- **DIRECTIONS**:
No pictures go into the copy. Write out exactly the lines below from the one containing "Figure 1. Oculocutaneous" through the one containing "Verona's coach Alberto".

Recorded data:

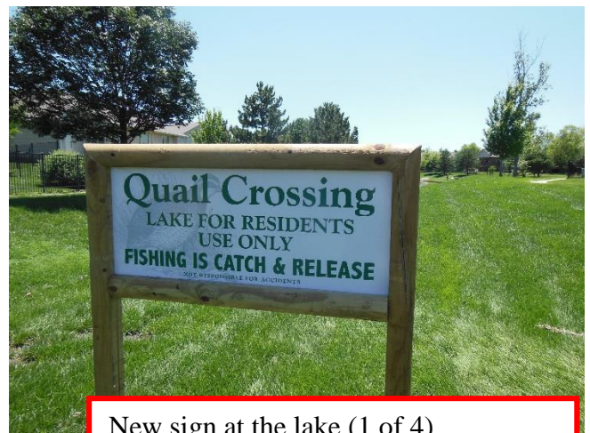
New sign at the lake (1 of 4)

Lake signs are up at the 4 entrances to the lake. While the signs make take time to get used to for residents in close proximity. While the signs may take time to get used to, they are needed to protect our private lake and surrounding grounds from non-resident exploiters. The sign has a quail in the background and emphasizes catch and release of fish. Because our lake is private, no Kansas fishing license is required for fishing. All residents using the lake or any of the our community's grounds are reminded to not leave your trash, food wrappers, drink cups, and fishing paraphernalia on QC property. Tell your kids not use the street drains as trash bins as this all ends up in the lake. This includes free papers
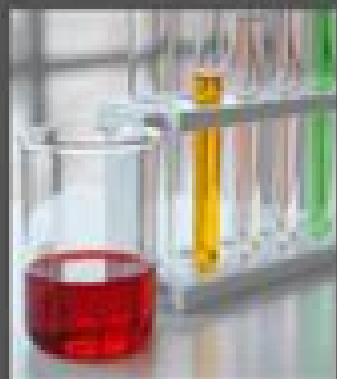
traffic light reaction
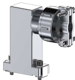
E End Entry
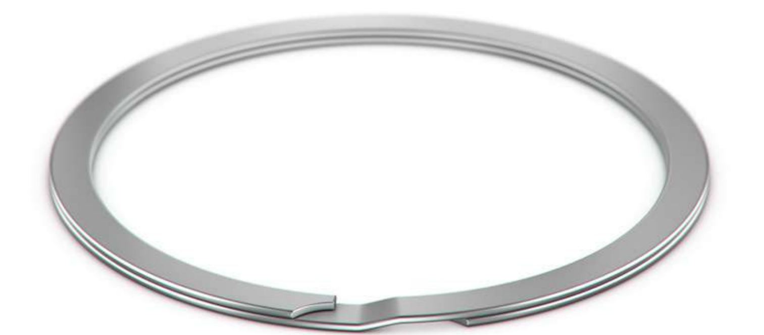
Ring retainer UML-20D10A13
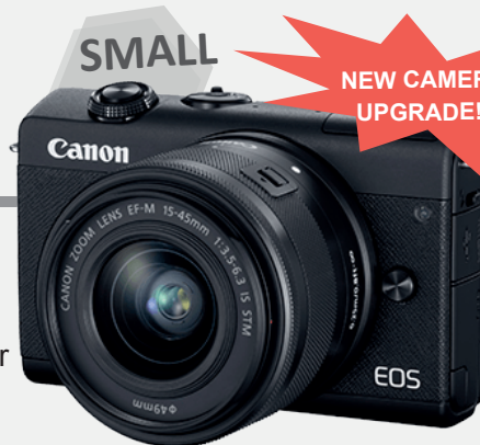
Canon EOS M200

Shutter Speed(s): 1/4000~30second Video Output: NTSC/PAL selectable (HDMI) Interface: USB(v.2.0),Wi-Fi Storage Media: SD,SDHCmemorycard Storage Format: JPEG(ExifVer2.3),RAW Dimensions(mm): 108* 66.6* 35
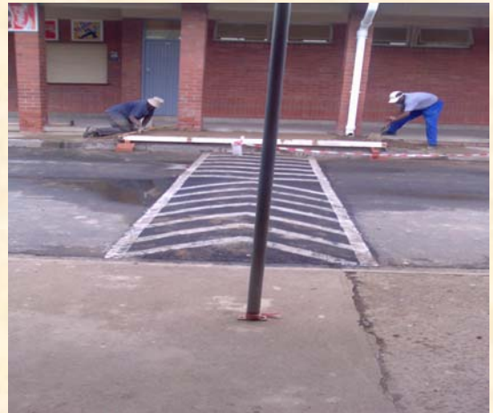
Speed humps and Access ramps for physically challenged patients
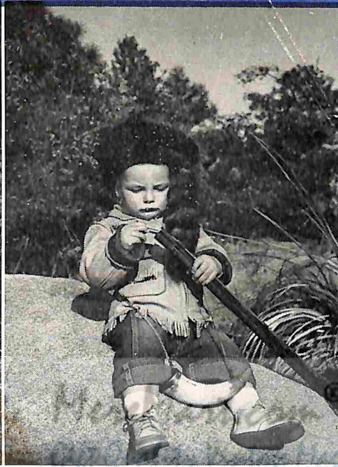
2 This Is Poured Into The Rifle Muzzle . . .
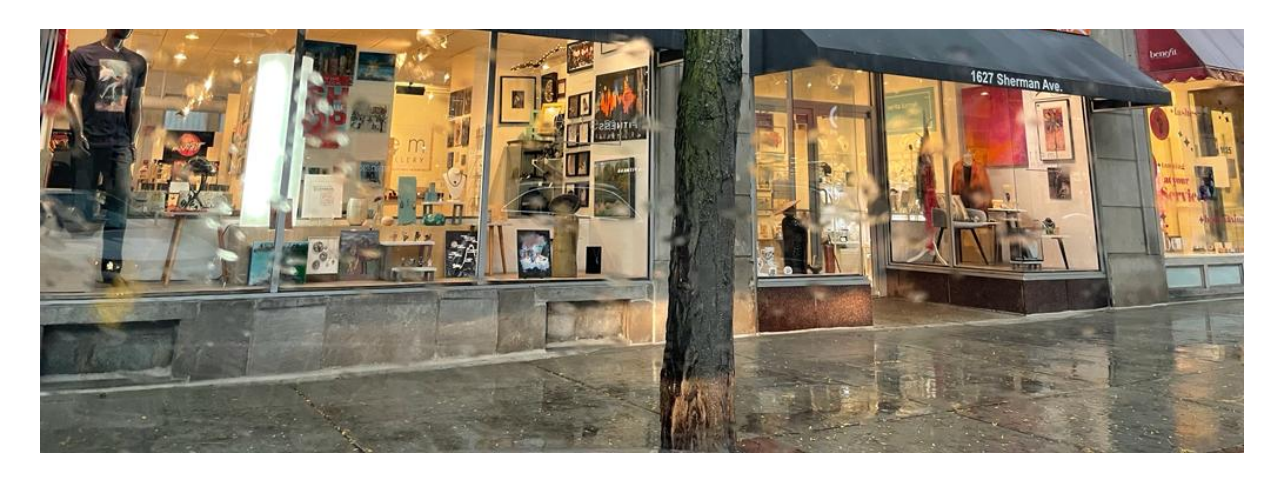
A glimpse into our gallery showing the work of 70+ talented artists.
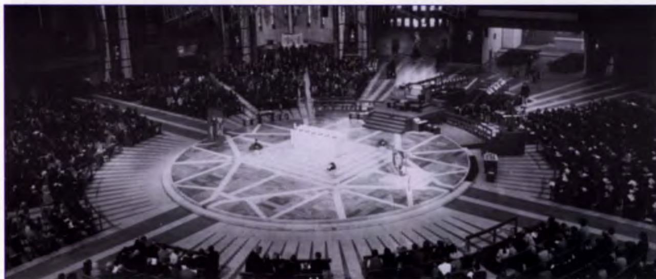
St. Edward's Day Mass
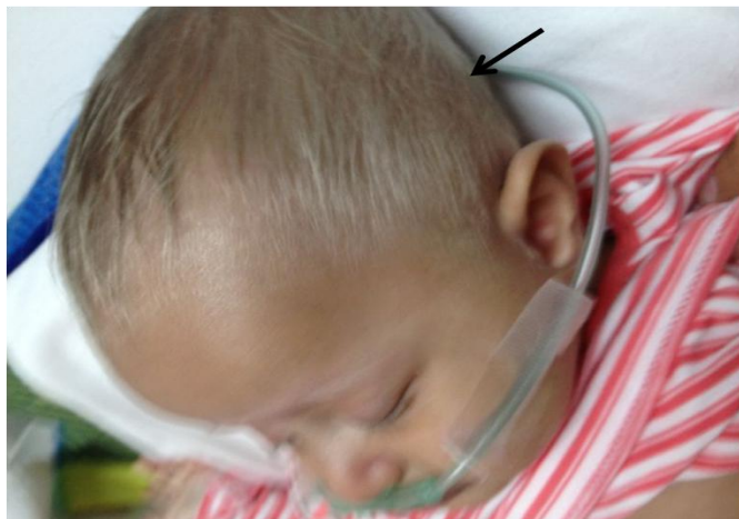
Figure 1. Oculocutaneous albinism and silvery hair.
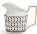
CREAMER 259ML 8.7FLOZ
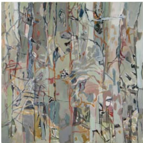
Little Forest 2 2010
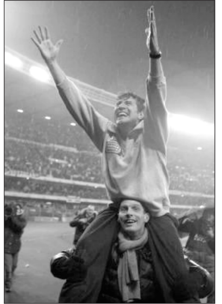
Verona's coach Alberto Malesani (top) rides on the shoulders of a supporter as he celebrates at the end of the Serie A match against Chievo on November 18.
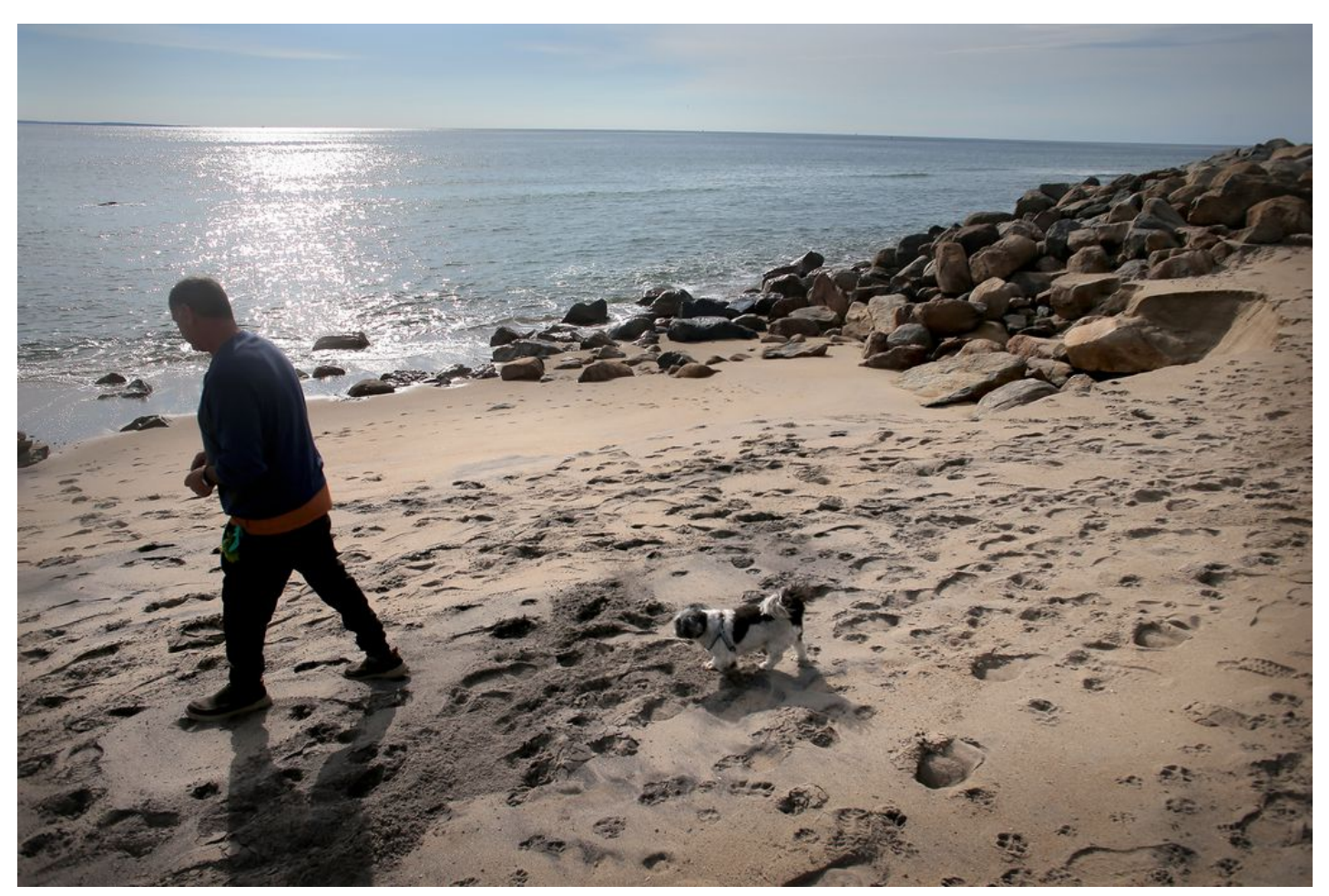
Bobby Kelly walked to the end of the accessible portion of Green Hill Beach in South Kingstown, where a property owner piled rocks down into the water, cutting off further lateral access. Coastal regulators with the Rhode Island Coastal Resources Management Council are tasked with protecting public beach access, often a contentious issue as private landowners seek to limit visitors.

By Brian Amaral Globe Staff, Updated March 3, 2022, 6:26 p.m.
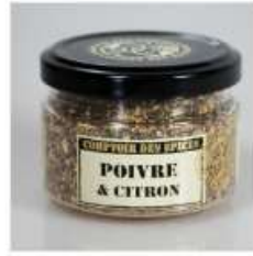
Lemon pepper 4.30 €
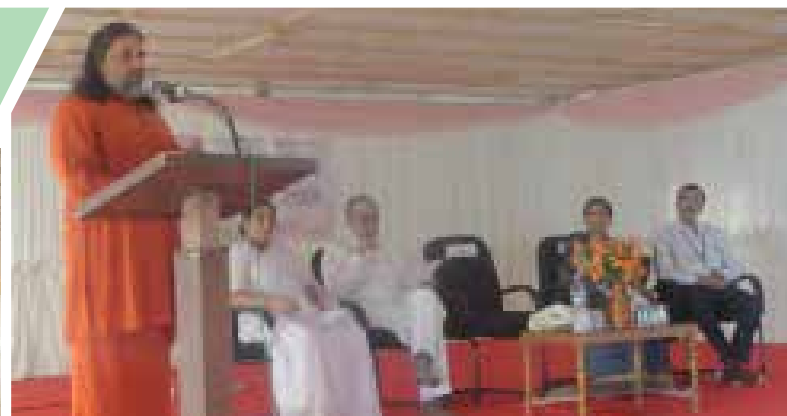
Alumni reunion along with the 10 th Anniversary celebrations of the college
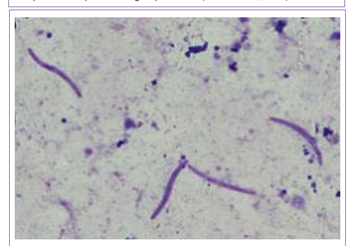
Figure 2: Photomicrograph of teased out contents of salivary gland of female Anopheles mosquito showing 4 sporozoites (Giemsa stain, 1000x).

- **COMPLETED TASK**:
Figure 1. Oculocutaneous albinism and silvery hair.
CREAMER 259ML 8.7FLOZ
Little Forest 2 2010
Verona's coach Alberto Malesani (top) rides on the shoulders of a supporter as he celebrates at the end of the Serie A match against Chievo on November 18.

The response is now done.